**Description of the task:** Before printing the listing, strip out its pictures and keep everything else exact.

**Information supplied:**

=== Section Start ===

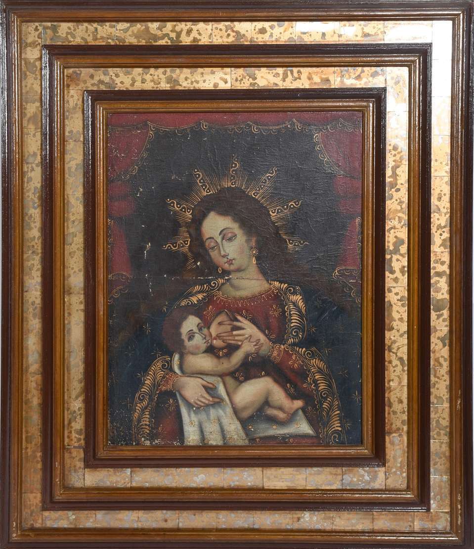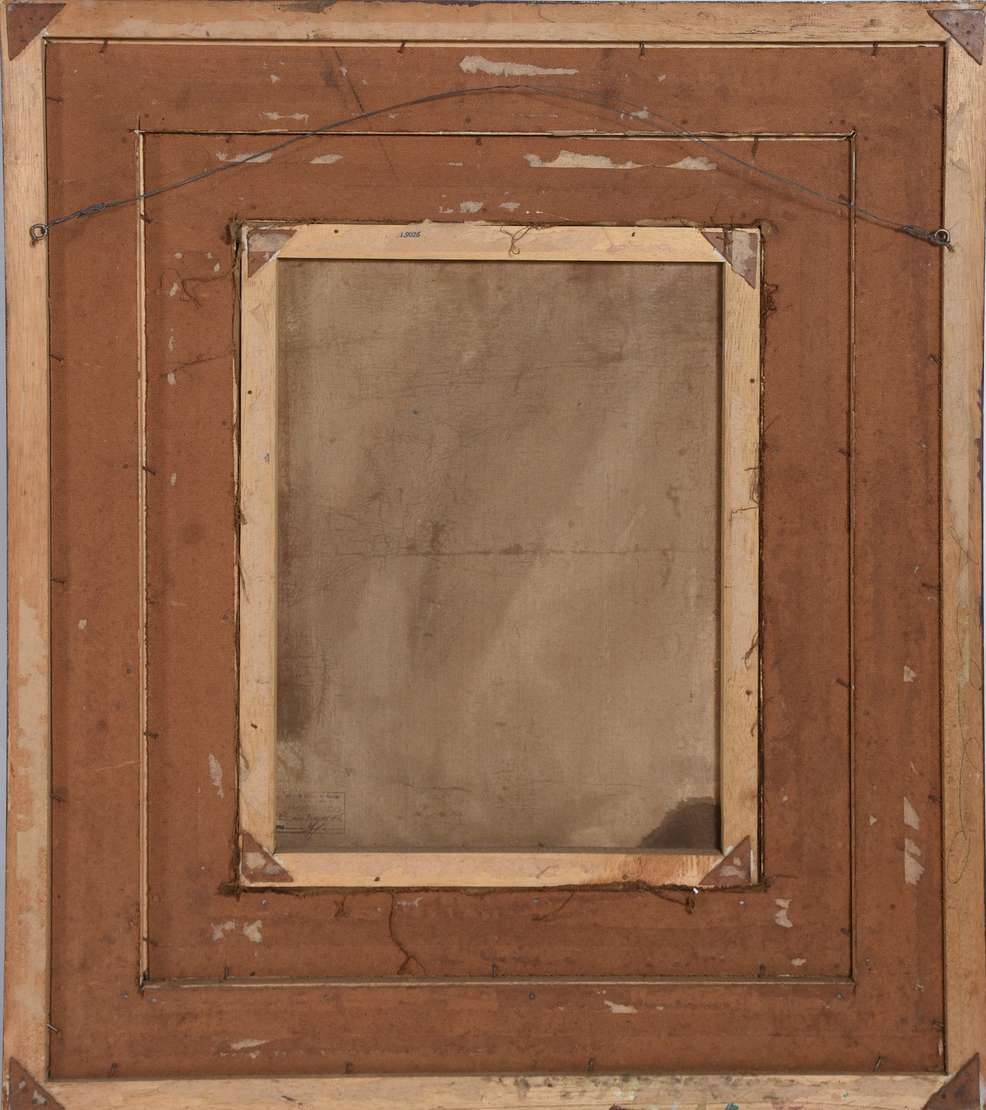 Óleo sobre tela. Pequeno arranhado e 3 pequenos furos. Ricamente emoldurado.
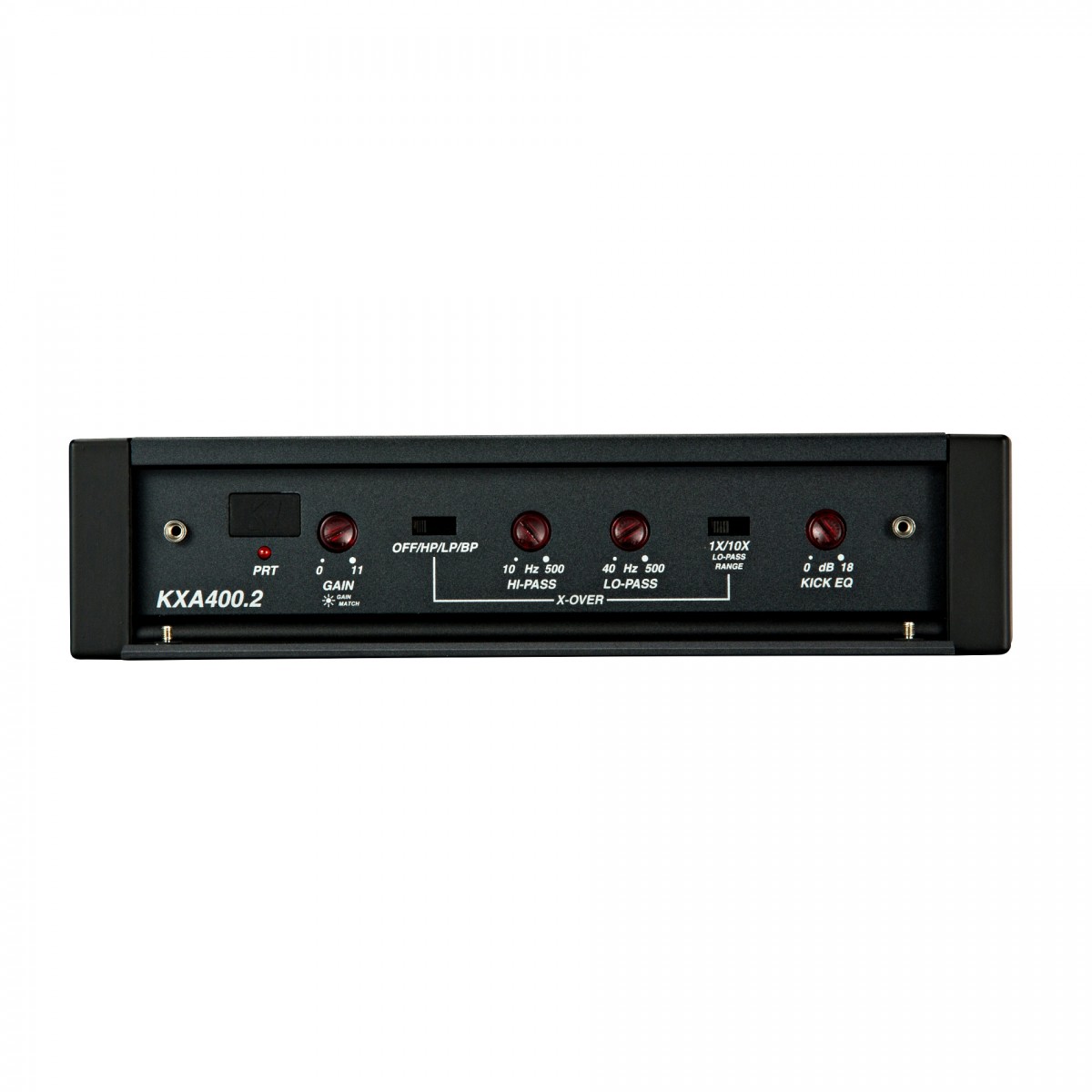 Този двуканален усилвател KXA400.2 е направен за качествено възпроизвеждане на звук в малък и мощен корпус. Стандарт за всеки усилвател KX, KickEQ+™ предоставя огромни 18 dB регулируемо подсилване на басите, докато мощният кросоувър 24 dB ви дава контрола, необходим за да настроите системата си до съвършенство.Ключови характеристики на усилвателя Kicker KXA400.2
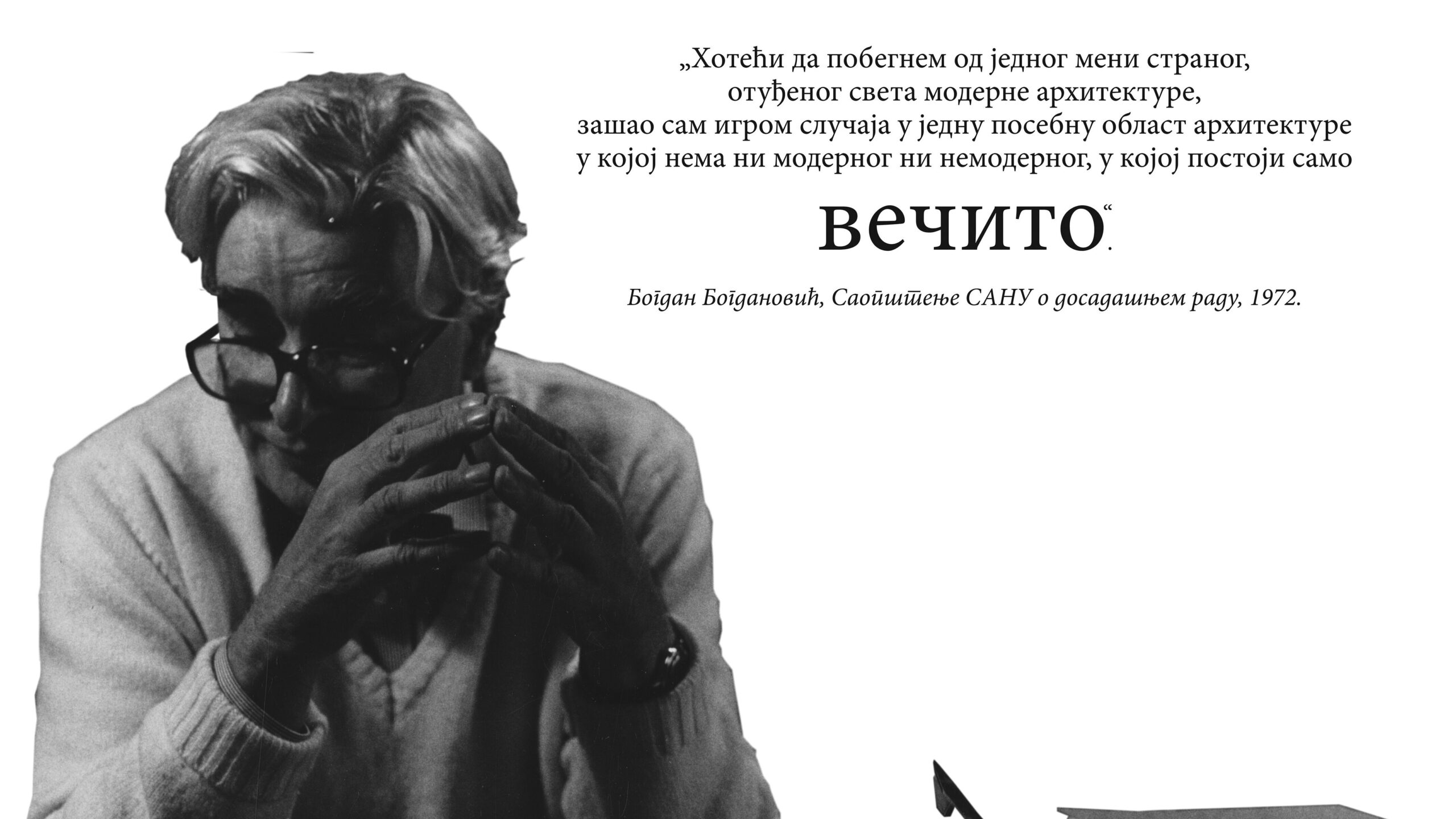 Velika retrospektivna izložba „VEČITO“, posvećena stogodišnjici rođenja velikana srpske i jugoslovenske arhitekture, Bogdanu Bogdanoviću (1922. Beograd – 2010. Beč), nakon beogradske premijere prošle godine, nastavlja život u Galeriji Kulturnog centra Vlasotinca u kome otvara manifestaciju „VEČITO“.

=== Section End ===

**Answer section:**
 Óleo sobre tela. Pequeno arranhado e 3 pequenos furos. Ricamente emoldurado.
 Този двуканален усилвател KXA400.2 е направен за качествено възпроизвеждане на звук в малък и мощен корпус. Стандарт за всеки усилвател KX, KickEQ+™ предоставя огромни 18 dB регулируемо подсилване на басите, докато мощният кросоувър 24 dB ви дава контрола, необходим за да настроите системата си до съвършенство.Ключови характеристики на усилвателя Kicker KXA400.2
 Velika retrospektivna izložba „VEČITO“, posvećena stogodišnjici rođenja velikana srpske i jugoslovenske arhitekture, Bogdanu Bogdanoviću (1922. Beograd – 2010. Beč), nakon beogradske premijere prošle godine, nastavlja život u Galeriji Kulturnog centra Vlasotinca u kome otvara manifestaciju „VEČITO“.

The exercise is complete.